**TASK PROMPT:** Write out again, exactly, the lines below starting at the one with "Печь-каменка банная Таймыр" and ending at the one with "Ce kit ajoute".

**RECORD EXTRACTS:**
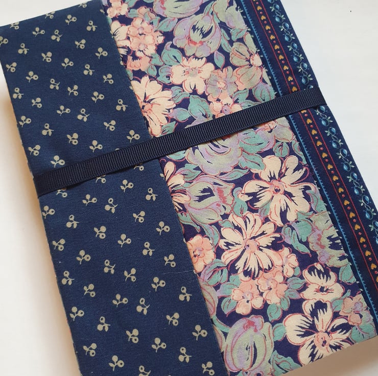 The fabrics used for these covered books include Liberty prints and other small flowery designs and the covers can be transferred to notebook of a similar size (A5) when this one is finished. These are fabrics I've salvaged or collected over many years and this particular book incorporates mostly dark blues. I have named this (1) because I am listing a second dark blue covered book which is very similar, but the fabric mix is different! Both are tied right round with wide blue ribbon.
--
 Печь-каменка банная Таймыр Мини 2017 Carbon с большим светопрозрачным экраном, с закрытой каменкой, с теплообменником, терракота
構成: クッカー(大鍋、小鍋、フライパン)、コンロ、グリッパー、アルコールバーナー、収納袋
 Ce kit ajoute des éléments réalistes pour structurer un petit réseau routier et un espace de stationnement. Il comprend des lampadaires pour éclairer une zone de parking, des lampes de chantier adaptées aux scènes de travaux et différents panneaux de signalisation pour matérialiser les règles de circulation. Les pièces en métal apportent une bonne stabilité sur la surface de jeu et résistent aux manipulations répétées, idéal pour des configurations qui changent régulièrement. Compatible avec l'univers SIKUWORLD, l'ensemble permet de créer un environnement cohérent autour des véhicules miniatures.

**TASK OUTPUT:**
 Печь-каменка банная Таймыр Мини 2017 Carbon с большим светопрозрачным экраном, с закрытой каменкой, с теплообменником, терракота
構成: クッカー(大鍋、小鍋、フライパン)、コンロ、グリッパー、アルコールバーナー、収納袋
 Ce kit ajoute des éléments réalistes pour structurer un petit réseau routier et un espace de stationnement. Il comprend des lampadaires pour éclairer une zone de parking, des lampes de chantier adaptées aux scènes de travaux et différents panneaux de signalisation pour matérialiser les règles de circulation. Les pièces en métal apportent une bonne stabilité sur la surface de jeu et résistent aux manipulations répétées, idéal pour des configurations qui changent régulièrement. Compatible avec l'univers SIKUWORLD, l'ensemble permet de créer un environnement cohérent autour des véhicules miniatures.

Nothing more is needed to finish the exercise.